Day of Ashura
|Day of Ashura|
Shi'a Muslims of Hardoi, Northern India, strike their chests during the mourning of Ashura 2011
|Official name||Arabic: عاشوراء (ʻĀshūrā’); Turkish: Aşure Günü|
|Also called||Hosay, Tabuik, Tabot|
|Observed by||Shi'a Muslims|
|Type||Islamic and national (In some countries such as India, Pakistan, Iraq, Iran, Turkey, Azerbaijan and Lebanon)|
|Significance||Marks the martyrdom of Husayn ibn Ali (Shi'a Islam); The day that Moses fasted as gratitude for the liberation of the Israelites (Sunni Islam)|
|Observances||Mourn and derive messages from Husayn's Sacrifice(Shi'a Islam); Fasting (Sunni Islam)|
Shi'a Muslims mourn for the martyrdom of Husayn ibn Ali, the grandson of Muhammad. He died at the Battle of Karbala on 10 Muharram in the year 61 AH (October 10, 680 AD). According to Sunni Muslim tradition, Muhammad fasted on this day and asked other people to fast.
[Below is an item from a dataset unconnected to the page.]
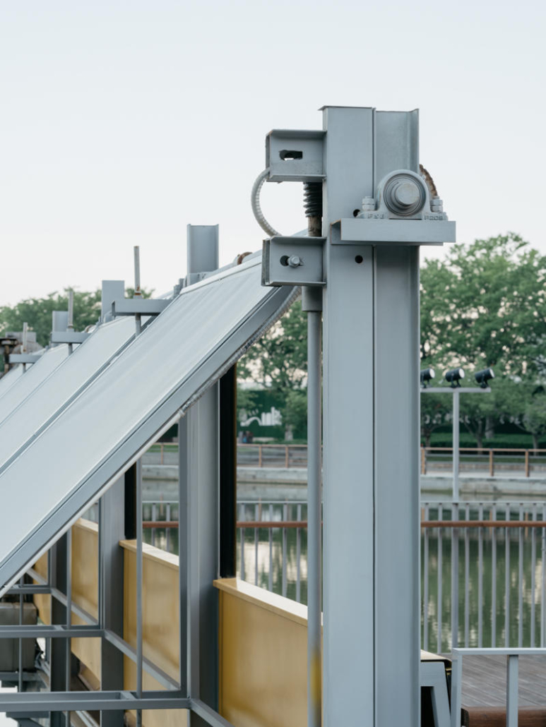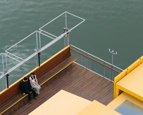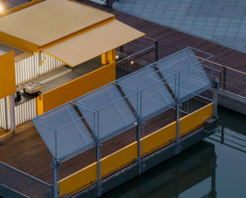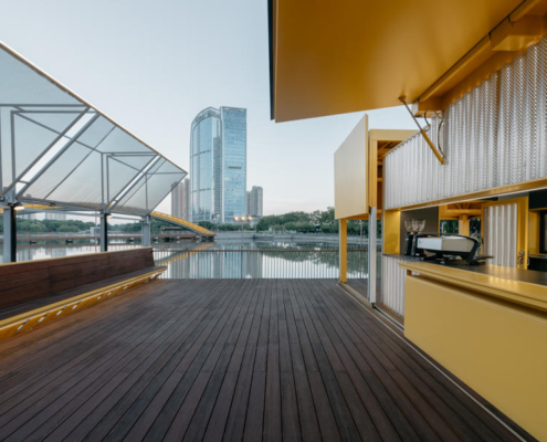 Hafif çelik taşıyıcı sistem, alüminyum paneller ve bambu yüzeylerden oluşan strüktür, mevcut platforma minimum müdahaleyle yerleştirilmiş. “Sabit iskelet ve dinamik kabuk” stratejisi, yapının farklı ışık koşulları, mevsim ve işletme senaryolarına sürekli adapte olmasını sağlarken uzun ömürlü ve sürdürülebilir bir mekansal çerçeve ortaya çıkarıyor. Bloom Box, yalnızca bir kahve ve çiçek satış birimi değil; yürüyüş sırasında karşılaşılan sıcak bir içecek deneyimi, su kenarında ebeveynler için bir oturma durağı, hafta sonu çiçek pazarının başlangıç noktası ya da küçük buluşmalar için samimi bir köşe oluyor.

In some Shi'a regions of Muslim countries such as Afghanistan, Iran, Iraq, Turkey, Azerbaijan, Pakistan, Lebanon, and Bahrain, the Commemoration of Husayn ibn Ali has become a national holiday. Most ethnic and religious communities participate in it. Even in a mostly Hindu country like India, Ashura is a public holiday.